Environmentalism as Aestheticism?

by Peter Saint-Andre

2008-05-03

While slowly completing research for my forthcoming book The Tao of Roark, I noticed an interesting passage in the first scene of part four of Ayn Rand's novel The Fountainhead:

He could not name the thing he wanted of life. He felt it here, in this wild loneliness. But he did not face nature with the joy of a healthy animal -- as a proper and final setting; he faced it with the joy of a healthy man -- as a challenge; as tools, means and material. So he felt anger that he should find exultation only in the wilderness, that this great sense of hope had to be lost when he would return to men and men's work. He thought that this was not right; that man's work should be a higher step, an improvement on nature, not a degradation....

Although Ayn Rand and other advocates of a free market are often perceived as advocating a kind of rapine capitalism that would degrade the earth in the greedy pursuit of unlimited profit, the example of Howard Roark's organic architecture (derived from that of Frank Lloyd Wright) belies that straw man. Example: in this scene, Roark's Monadnock Valley development was not some huge warren of a hotel that degraded the natural beauty of the surrounding hills, but instead consisted of a series of small, widely separated homes that did not require blasting of the granite ledges but that worked with and improved upon the natural terrain.
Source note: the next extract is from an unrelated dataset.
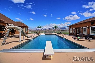 STUCCO RANCH STYLE HOME ON 37 ACRES,FULLY IRRIGATED,FENCED,TWO PONDS,SALT WATER SWIMMING POOL,POOL HOUSE, HOT TUB, BUILT-IN BBQ/PLUMBED BAR AREA AND GREAT VIEWS. OUTSIDE ALSO INCLUDES 2-CAR DETACHED GARAGE/SHOP, GREEN HOUSE,2-STORAGE SHEDS,25X60 COVERALL,60X60 LEAN-TO. THIS HOME BOASTS GRANITE COUNTERS,OAK FLOORS WITH 6 BASEBOARDS,LARGE MASTER SUITE W/2 WALKIN CLOSETS,TRAVERTINE FLOORS IN BATH,JETTED TUB,LARGE SHOWER INCLUDES BODY SPRAYS & TWO HEADS, ALL GUEST BEDROOMS HAVE WALK-IN CLOSETS, GOURMET KITCHEN WITH SOFT/CLOSE DRAWERS,COPPER SINK, WINE FRIDGE,GAS RANGE, CONVECTION OVEN & MICROWAVE,TRASH COMPACTOR,XL PANTRY,$3S,OOO WORTH OF AUDIO AND SURROUND SOUND EQUIPMENT INCLUDED,THEATER ROOM, WATER FILTRATION SYSTEM, AUDIO SPEAKERS THROUGHOUT HOME, LARGE LAUNDRY ROOM WITH UTILITY SINK. ALL OF THIS AND MORE IN THIS 5047,SQ FT. HOME WITH 5 BEDS, 5 BATHS,2 CAR ATTACHED GARAGE, BUILT IN 2009

The principle of ensuring that one's work not degrade nature but instead improve upon it perhaps provides a foundation for a kind of environmentalism that is yet unknown: not environmentalism as moralism (don't degrade nature because that is the deontologically wrong and evil thing to do) but as aestheticism (don't degrade nature because that is the ugly and inartistic thing to do). I'm not yet sure if this principle can be converted into actionable policies, but the possibility might be worth pursuing.